Client (`dataset.py`) polls `batch_total_batches` / `batch_completed_batches` from the jobs queue for tqdm progress display.

## Key Files

| File | Purpose |
|------|---------|
| `sky/batch/__init__.py` | Public API exports: `Dataset`, `load`, `save_results`, `remote_function`, reader/writer classes |
| `sky/batch/coordinator.py` | Runs inline on jobs controller; splits dataset, discovers workers, dispatches batches, reduces/cleans up results |
| `sky/batch/dataset.py` | Client-side: `Dataset.map()`, launches managed job, polls progress with tqdm |
| `sky/batch/worker.py` | Long-running HTTP service on each pool worker; hosts `/feed_batch`, `/shutdown`, `/health` endpoints |
| `sky/batch/utils.py` | Cloud storage helpers (S3/GCS), batch file management, function serialization (source-code-based) |
| `sky/batch/constants.py` | Ports, timeouts, batch naming patterns, retry settings |
| `sky/batch/io_formats.py` | Typed I/O classes: `JsonReader`, `JsonWriter`, `ImageWriter` with `InputReader`/`OutputWriter` base classes |
| `sky/batch/remote.py` | `@remote_function` decorator with closure/global validation via AST |
| `sky/jobs/controller.py` | `_run_batch_coordinator_task()` — detects `batch_coordinator` metadata, runs coordinator |
| `sky/jobs/state.py` | `batch_state` table and helper functions for batch persistence and progress aggregation |

## Worker Architecture

Workers use a **long-running service + notify pattern**:

1. Coordinator launches a persistent HTTP worker service on each cluster via `sky.exec()`.
2. For each batch, coordinator sends a lightweight notify script (also via `sky.exec()`) that `curl`s `/feed_batch`.
3. `/feed_batch` downloads the batch from cloud storage using the `InputReader`, puts it on an internal queue, and blocks until `save_results()` signals completion.
4. The notify `sky.exec()` job exits with SUCCEEDED, which the coordinator detects via `sdk.job_status()` polling.
5. On completion or cancellation, coordinator sends `/shutdown` to stop the worker service.
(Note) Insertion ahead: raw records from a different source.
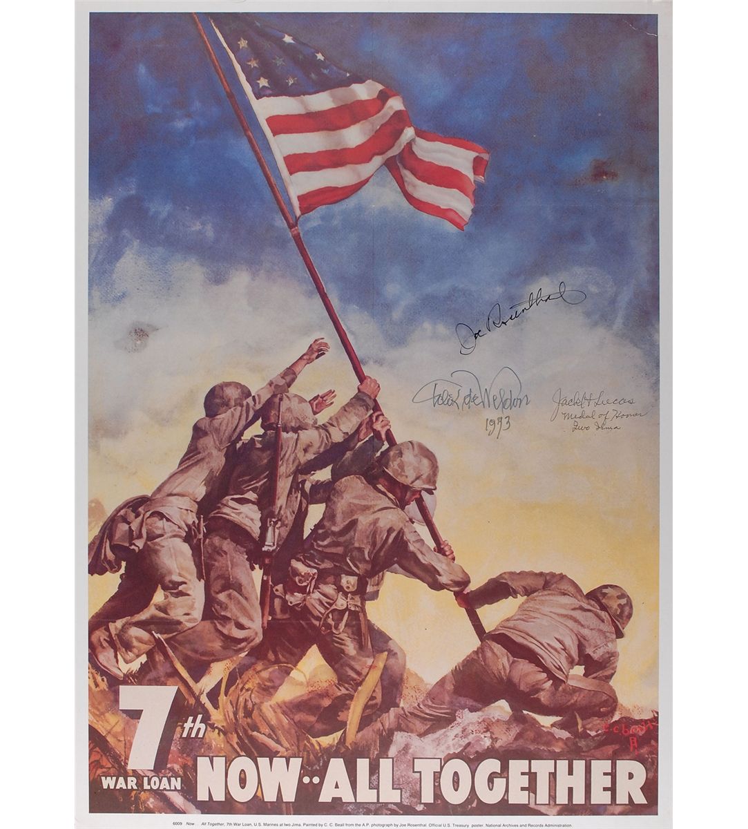 Color 20 x 28 poster entitled ‘Now…All Together,’ depicting the Iwo Jima flag-raising, signed in felt tip by Medal of Honor recipient Jack Lucas, Joe Rosenthal, and Iwo Jima memorial sculptor Felix de Weldon. Poster is affixed to a slightly larger off-white mount. In fine condition, with light intersecting folds, a repaired tear to top left corner, and adhesive remnants to mount.
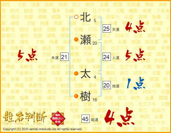 北瀬太樹さんの総運は45画の4点!
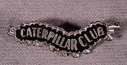 The successor to the original Irvin company still provides pins to people who have made a jump. In addition to the Irvin Air Chute Company, other parachute manufacturers have also issued caterpillar pins for successful jumps. GC Parachutes formed their Gold Club in 1940.[7] The Switlik Parachute Company of Trenton, New Jersey issued both gold and silver caterpillar pins. The Pioneer Parachute Co. in Skokie, Illinois, also presented plaques to people who packed the parachutes that saved lives.
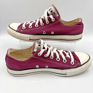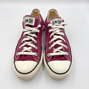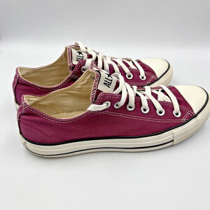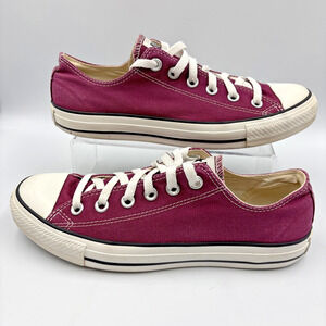Converse Chuck Taylor All Star Sneakers Purple/White, M 7; W 9 Size , Low Top. There are scuff marks on the toe caps, but shoes are in good condition. Inner and outer soles are in good, clean condition.
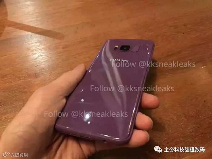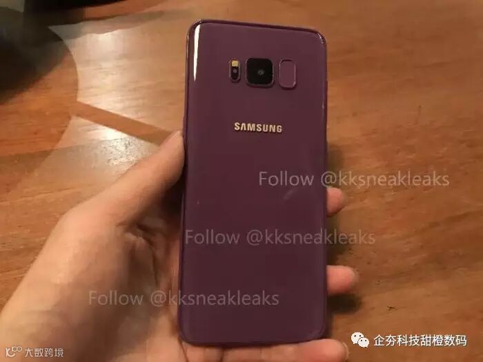 三星已经确定将于今年3月29日召开新品发布会发布Galaxy S8/S8+,在正式发布之前这两款旗舰的大部分信息都已经在网络上曝光。根据爆料信息,今年上线的S8新旗舰除了黑色和银色之外,还有白色/蓝色/金色等颜色,而在后续的问卷调查中还发现了紫色(Violet)配色,同Galaxy Note 7上的珊瑚蓝一样,是三星调剂的新颜色风格。今天微博爆料人士@KK低调在推文上曝光了紫色和亮黑色Galaxy S8的真机谍照。
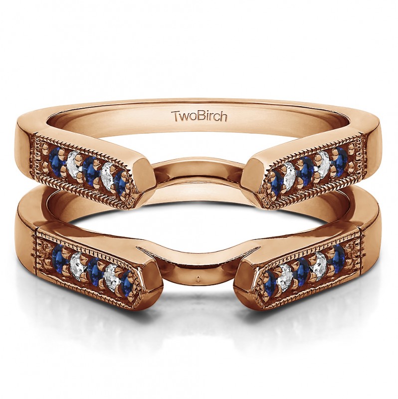 This wedding ring guard has 20 round, channel set stones. Each band measures 2.1 millimeters wide. This ring guard has 0.4 carats total weight. It is made to fit a round, marquise, or princess cut solitaire from 0.75 carats to 2 carats.

Worker service listens on `127.0.0.1:8290` (localhost only, not exposed to cloud).

## Typed I/O Reader/Writer System

Readers and writers are defined in `io_formats.py`:

**Base classes:**
- `InputReader(ABC)` — Abstract dataclass with `__len__()` and `download_batch(start_idx, end_idx, cache_dir)` methods
- `OutputWriter(ABC)` — Abstract dataclass with `upload_batch()`, `reduce_results()`, and `cleanup()` methods

**Built-in readers/writers:**
- `JsonReader(path)` — JSONL input; downloads full file, caches locally per job, extracts line ranges
- `JsonWriter(path, column=None)` — JSONL output; supports column filtering; reduces by merging batch files
- `ImageWriter(path, column='image')` — Writes PIL Images as individual PNGs; no reduce step needed

**Serialization:**
- `to_dict()` / `from_dict()` — Serialize to/from dicts for transport via `task._metadata` and env vars
- Custom readers/writers (defined outside the module) automatically include `_class_source` in serialization for remote reconstruction
- Workers receive formats as JSON env vars: `SKY_BATCH_INPUT_FORMAT`, `SKY_BATCH_OUTPUT_FORMATS`

**Multi-output:** `ds.map(..., output=[ImageWriter(...), JsonWriter(...)])` — each writer independently uploads, reduces, and cleans up.

**Custom readers/writers:** Subclass `InputReader`/`OutputWriter`, register via `@registry.INPUT_READER_REGISTRY.type_register(name='...')` or `@registry.OUTPUT_WRITER_REGISTRY.type_register(name='...')`. Source code is automatically serialized. See `examples/batch/custom_formats/`.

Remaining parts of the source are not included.